Bashan N, Iancu T C, Lerner A, Fraser D, Potashnik R, Moses S W
Pediatr Res. 1981 Apr;15(4 Pt 1):299-303. doi: 10.1203/00006450-198104000-00002.
A four-year-old Israeli Arab boy was found to have glycogen accumulation in both liver and muscle without clinical symptoms. Liver phosphorylase kinase (PK) activity was 20% of normal, resulting in undetectable activity of phosphorylase a. Muscle PK activity was about 25% of normal, resulting in a marked decrease of phosphorylase a activity. Two sisters showed a similar pattern, whereas one brother had normal PK activity. The patient's liver protein kinase activity was normal Addition of exogenous protein kinase did not affect PK activity, whereas exogenous PK restored phosphorylase activity to normal. These findings indicate that these patients are affected by a rare variant of PK deficiency, which involves both muscle and liver and which apparently is not sex linked. It is possible that this defect represents an unusual mutation of a subunit of the phosphorylase kinase enzyme.

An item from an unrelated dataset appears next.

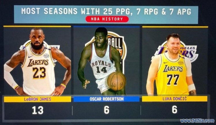 单赛季场均25+7+7场次:詹姆斯13次历史最多 东契奇大O历史第二

一名4岁的以色列阿拉伯男孩被发现肝脏和肌肉中均有糖原蓄积,但无临床症状。肝脏磷酸化酶激酶(PK)活性为正常的20%,导致磷酸化酶a活性检测不到。肌肉PK活性约为正常的25%,导致磷酸化酶a活性显著降低。两名姐妹表现出类似模式,而一名兄弟的PK活性正常。患者的肝脏蛋白激酶活性正常。添加外源蛋白激酶不影响PK活性,而外源PK可将磷酸化酶活性恢复至正常。这些发现表明,这些患者受一种罕见的PK缺乏变体影响,该变体累及肌肉和肝脏,且显然与性别无关。这种缺陷可能代表磷酸化酶激酶亚基的一种异常突变。